[Insight AI Fellowship Consulting Project] In collaboration with CureSkin, SkinCredible leverages deep learning to help dermatologists monitor facial skin conditions over time. Given a series of images taken at different points in time by a user, the idea is to classify whether the user's facial skin condition has improved or deteriorated over time. The model was previously deployed at skincredible.me. Here are the slides for the project SkinCredible.

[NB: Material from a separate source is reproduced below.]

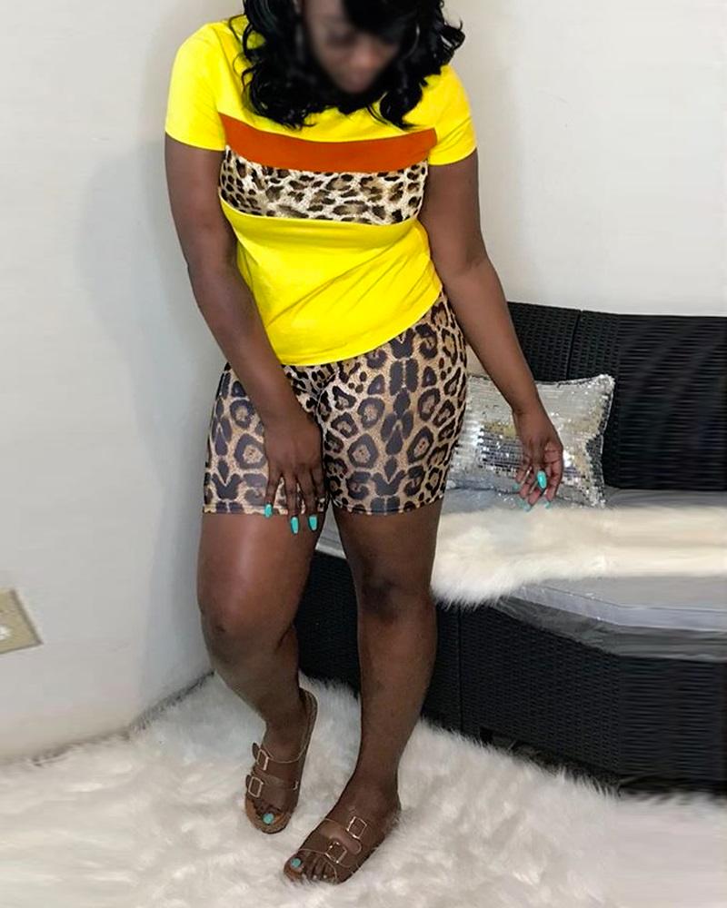 Style:Chic Type:Shorts Set Material:Polyester Neckline:Round Neck Sleeve Style:Short Sleeve Length:Above Knee Pattern Type:Colorblock,Leopard Decoration:Others Fit Type:Regular Occasion:Daily Package Include:1*Shorts Set Fabric Elasticity:Slight Stretch Sheer:No Care Instructions:Machine wash or professional dry clean Waist Line:High Waist

SkinCredible uses a combination of Convolutional Neural Networks (CNNs) and Long Short-Term Memory networks (LSTMs) trained on a proprietary dataset provided by CureSkin to learn the representation of the spatiotemporal sequence of image dataset. Images can be taken from different angles and orientations, so I apply a pre-processing step and use the pre-trained Multi-Task Cascaded Convolutional Neural Network (MTCNN) to extract faces from the image sequence. Since ground truth labels are not available for this supervised learning problem, I came up with the idea to apply sentiment analysis with AWS Comprehend to dermatologists' notes to create proxy labels for training.
model
: Directory containing the ConvLSTM model
data_augment.py
: Create new images flipped horizontally to reduce the problem of unbalanced dataset
evaluate.py
: Output evaluataion metrics for validation/test dataset
face_detection.py
: Extract faces from images with MTCNNs
get_data.py
: Pre-process raw dataset stored in AWS S3 private bucket
network_architection
: Define the ConvLSTM model
opts.py
: Contain project arguments and hyperparameters
predict.py
: Output ConvLSTM predictions
split.py
: Split dataset into train, validation and test set
train.py
: Run distributed training of the model with multi-GPUs
utils.py
: Contain helper functions
api
: Directory for the RESTful Web API with Flask
tests
: Simple unit tests for the API
data
: Directory containing anonymized dataset
The model achieves 82% accuracy and 83% precision. Keep in mind that the dataset is imbalanced, with 70% postive samples and 30% negative samples. The figure below shows a confusion matrix summarizing the outputs of the trained model.
- Run
get_data.py
, which reads user data fromfollowup_data
directory if the user contains doctor's notes, as indicated bydr_msg_stats.csv
. This script also uses AWS Comprehend to detect the primary language and sentiment of the doctor's notes for each user. After running this script,user_data.txt
will be generated, where each line is a list containing user id, proxy label, dr_notes, and image paths associated with the user id sorted by time created. Note that the latest doctor note is the one used as a proxy label for the ground truth label. - Run
face_detection.py
, which extract faces from the images. It uses the pre-trained MTCNN algorithm to generate faces with size (160, 160). The resized images are then uploaded to an AWS S3 bucket for training later. - (Optional) Depending on how unbalanced the dataset is, run
data_augment.py
, which adds new negative samples by flipping the images horizontally. Positive means skin conditions have improved, and negative means skin condition has deteriorated. - Run
split.py
, which reads inuser_data.txt
and splits the dataset into train, validation, and test set. - Run
train.py
to train the ConvLSTM model. It will automatically train the model with multiple GPUs if available.
- The model is built using Keras Functional API with two inputs and one output.
- The first input is a batch of a sequence of image with size (batch_size, frame_size, image_size, image_size, channel_size), where the default is of size (8, 30, 80, 80, 3).
- The second input is a masking array of size (batch_size, frame_size), which is a binary array that tells the ConvLSTM layer to accept or ignore the image at the time step. This is done so that the model generalizes well to variable length image sequence.
- During inference, the model can take in input with variable frame size and image size. Note that if the inference input image size is smaller than the training image size, the images will be enlarged to the training image size, which will affect the performance of the trained model.
- Build a Docker image by running
docker build -t skincredible .
- Deploy the web app and API by running
docker run -p 80:80 -v ${HOME}/.aws/credentials:/root/.aws/credentials:ro skincredible
, assuming that you have the right AWS credentials to import the model weights stored in AWS. - If deploying locally, simply call
curl -X POST 0.0.0.0:5000/predict -H 'Content-Type: application/json' -d @data/test_data.json
, which will respond back with the probabilites of a user having facial skin conditions improvement or deterioration. Change the IP address and port number if deploying on the cloud. The input istest_data.json
, which contains a numpy array with size (1, frame_size, img_size, img_size, channel_size).